| Exercise instructions |
In the entries below, repeat only the lines between those holding "在西安交通大學86-40大勝" and "Arach&Cloz Women’s Wool", inclusive. Leave pictures out.

| Given records |

Content starts

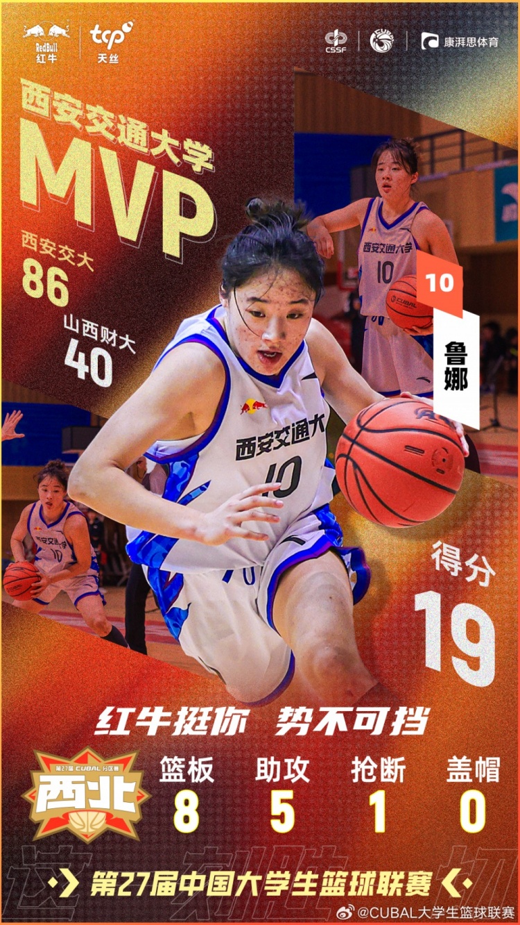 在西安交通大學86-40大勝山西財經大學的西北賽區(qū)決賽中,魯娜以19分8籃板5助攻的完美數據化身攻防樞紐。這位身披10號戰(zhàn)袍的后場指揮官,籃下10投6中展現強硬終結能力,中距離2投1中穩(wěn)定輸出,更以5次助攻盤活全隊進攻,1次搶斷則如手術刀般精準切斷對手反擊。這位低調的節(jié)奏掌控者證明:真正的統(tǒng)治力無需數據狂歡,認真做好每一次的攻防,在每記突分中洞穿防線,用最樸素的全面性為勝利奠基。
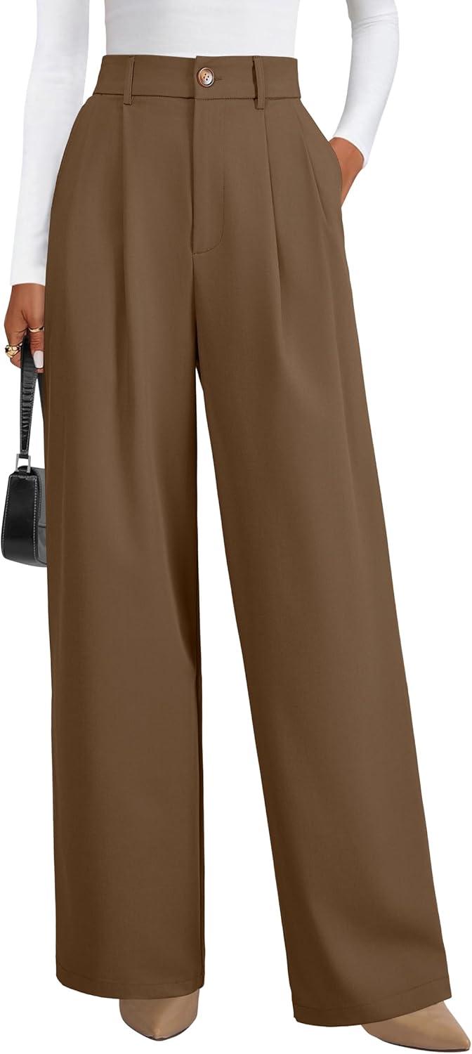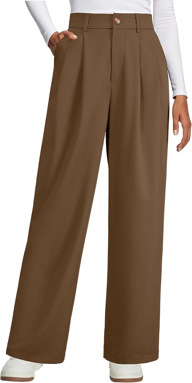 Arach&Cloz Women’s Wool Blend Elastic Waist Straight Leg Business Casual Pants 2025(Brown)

Content ends
Content starts

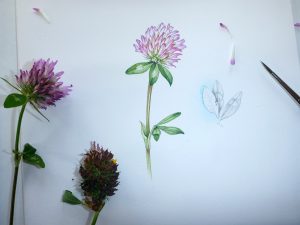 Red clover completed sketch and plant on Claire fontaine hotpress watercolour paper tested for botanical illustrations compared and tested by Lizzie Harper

Content ends

| Task response |
 在西安交通大學86-40大勝山西財經大學的西北賽區(qū)決賽中,魯娜以19分8籃板5助攻的完美數據化身攻防樞紐。這位身披10號戰(zhàn)袍的后場指揮官,籃下10投6中展現強硬終結能力,中距離2投1中穩(wěn)定輸出,更以5次助攻盤活全隊進攻,1次搶斷則如手術刀般精準切斷對手反擊。這位低調的節(jié)奏掌控者證明:真正的統(tǒng)治力無需數據狂歡,認真做好每一次的攻防,在每記突分中洞穿防線,用最樸素的全面性為勝利奠基。
 Arach&Cloz Women’s Wool Blend Elastic Waist Straight Leg Business Casual Pants 2025(Brown)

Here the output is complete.